The Delicate Dance: When to Give Space vs. When to Show Up
By Cody Hufstedler, Palliative Care Chaplain and Host of "Dying To Tell You"
One of the most challenging aspects of supporting someone through a terminal illness is knowing when to step forward and when to step back. In my work, I've come to understand that this isn't about finding the perfect formula—it's about developing a sensitivity to the rhythms of someone else's experience.
The thousands of conversations I've had in my professional role inform not just my work, but my understanding of what it means to truly be present for someone facing their mortality. What I've discovered is that consistency matters far more than grand gestures, and that learning to read someone's energy level is one of the most valuable skills we can develop.
I know how difficult it can be for us all to acknowledge the reality of terminal illness, but I've also learned that our discomfort with their situation often drives us to show up in ways that serve our anxiety rather than their needs. The key is learning to separate our need to feel helpful from their actual need for space or companionship.
Pay attention to their responses when you reach out. Are they engaging with your texts or calls? Do they seem energized by your visits, or do they appear drained afterward? I've noticed that people often give subtle signals about what they need—a delayed response to a text might indicate they're having a low-energy day, while an immediate, chatty reply might suggest they're feeling more social.
The people I interview for the podcast consistently tell me that the most supportive friends are those who check in regularly but briefly. A simple "thinking of you today, no need to respond" text accomplishes several things: it maintains connection, shows consistent care, and explicitly removes any pressure to engage. This approach allows them to reach out when they have the energy while knowing you're consistently available.
I've learned that showing up doesn't always mean being physically present. Sometimes showing up means sending a funny meme without expecting a response. Sometimes it means dropping off soup and leaving immediately. Sometimes it means sitting quietly together for an hour.
The rhythm of terminal illness is unpredictable. Someone might have energy for visitors on Tuesday but need complete solitude on Wednesday. This isn't personal rejection—it's the reality of living with a serious illness. The most helpful supporters learn to flow with these changes rather than taking them personally or trying to "fix" the bad days.
I've discovered over the years that understanding, comfort, even joy can come through intentionally facing our finish line together. This means being present for both the difficult moments and the unexpectedly beautiful ones. It means learning to be comfortable with silence when words feel insufficient, and knowing when a lighthearted conversation is exactly what's needed.
One pattern I've noticed is that people often need more space during treatment periods and more connection during recovery phases. But every person is different, and the same person's needs will change throughout their journey. The key is developing the ability to observe without judgment and respond with flexibility.

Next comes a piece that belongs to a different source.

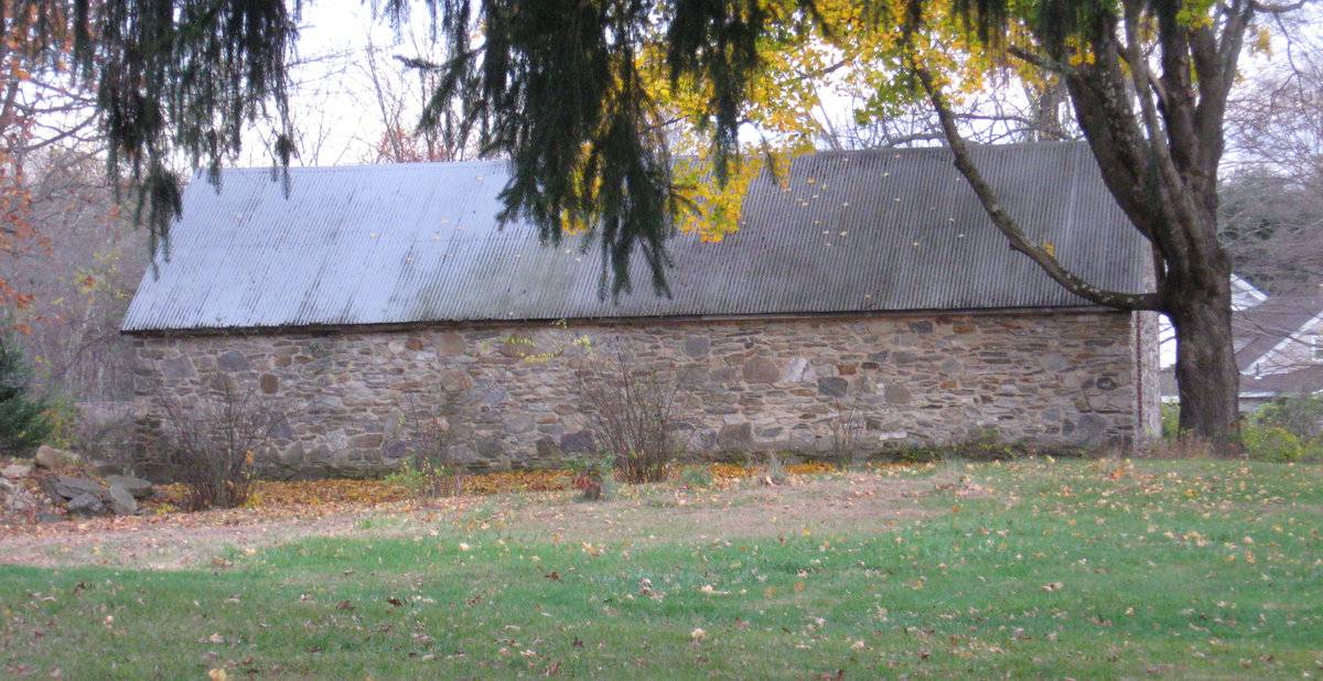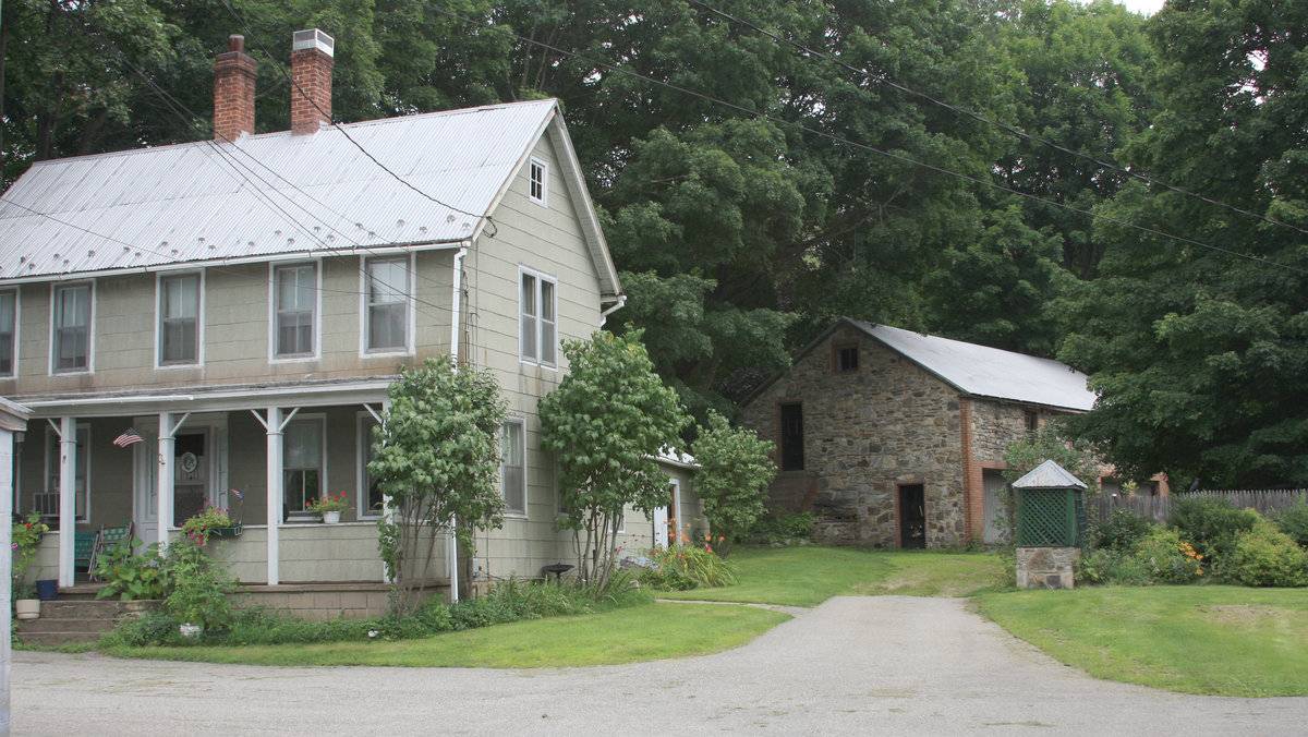 Behind a store fronting Main St., is a house, behind the house a stone and brick barn. Located in the South Coventry Historic District.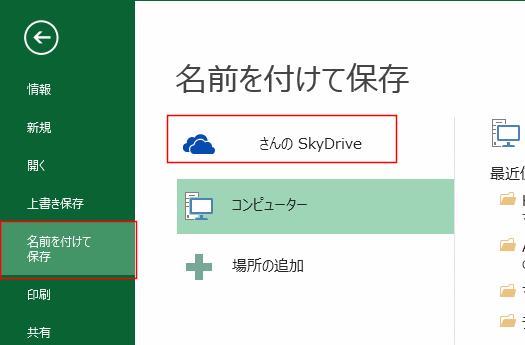 - [名前を付けて保存]を選択すると、「SkyDrive」が表示されません。

Consider creating a consistent but low-pressure rhythm of contact. Maybe you send a brief check-in text every few days, or you call at the same time each week with the understanding that they might not answer. This predictability can be comforting because it removes the burden of wondering when the next contact will come while ensuring they know support is available.
Remember that energy is precious for someone dealing with a terminal illness. Every interaction costs them something, even positive ones. This doesn't mean you should avoid contact—it means you should make every interaction count by being fully present and attuned to their needs in that moment.
It’s often helpful to explicitly call out your desire to be present, supportive, and involved and your intention to allow space as needed and the fact that there will be no judgment if and when they don’t want to or simply cannot respond. Setting those kinds of expectations or calling our lack of expectation can let the sick person off the hook and provide comfort and ease in your relationship as a companion.
The art of knowing when to give space versus when to show up ultimately comes down to paying attention with love rather than anxiety. It means setting aside our own emotional needs long enough to really see what's happening for them. Sometimes the most caring thing we can do is disappear for a while. Sometimes it's refusing to disappear at all. Wisdom lies in learning to tell the difference.